“Selain itu, Undang-undang ini juga melanggar asas kesesuaian antara jenis, hierarki, dan materi muatan, serta asas kejelasan rumusan, sehingga menimbulkan ketidakpastian hukum dalam implementasinya,” ungkap dia.
Dalil ketiga menyoroti Dewan Perwakilan Daerah Republik Indonesia (DPD RI) tidak dilibatkan dalam proses pembentukan UU BUMN. Padahal, dalam kerangka ketatanegaraan, DPD RI memiliki peran penting dalam memberikan pertimbangan terhadap Rancangan Undang-undang yang berdampak pada daerah.
“Ketidakterlibatan DPD ini dinilai sebagai bentuk pelanggaran terhadap mekanisme legislasi yang seharusnya inklusif dan melibatkan berbagai unsur terkait,” kata Haikal.
Dalil keempat menyoroti Badan Pemeriksa Keuangan Republik Indonesia (BPK RI) yang juga tidak dilibatkan dalam proses pembentukan Undang-undang tersebut.
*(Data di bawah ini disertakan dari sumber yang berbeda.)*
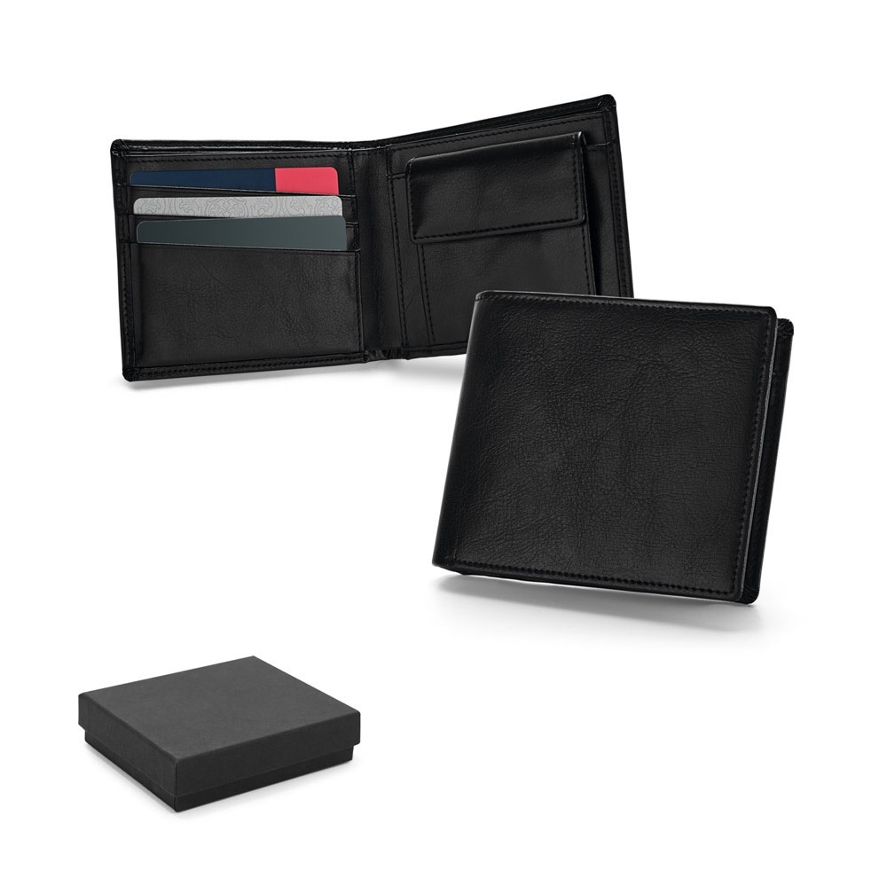 Brieftasche aus Leder mit RFID-Schutz, einem Münzfach, einem Geldscheinfach und Fächer für 9 Kreditkarten. Geliefert in einer Geschenkschachtel. 110 x 92 x 13 mm | Schachtel: 130 x 109 x 24 mm

Padahal, terang Haikal, lembaga yang dibentuk yakni Danantara akan mengelola dana publik dalam jumlah besar.
Dalil kelima menyatakan UU BUMN tidak memiliki validitas atau legitimasi hukum karena menyimpang dari ketentuan dalam UUD 1945.
“Oleh karena itu, UU BUMN ini dinilai tidak layak diberlakukan dan tidak memiliki kekuatan hukum yang mengikat,” tandasnya.
Berdasarkan sejumlah argumen tersebut, para pemohon dalam permohonan provisi meminta kepada MK untuk menunda pelaksanaan UU BUMN hingga terdapat putusan akhir terhadap pokok perkara.
Penundaan tersebut dimaksudkan agar tidak terjadi kerugian konstitusional yang lebih besar akibat diterapkannya Undang-undang yang legalitasnya masih disengketakan.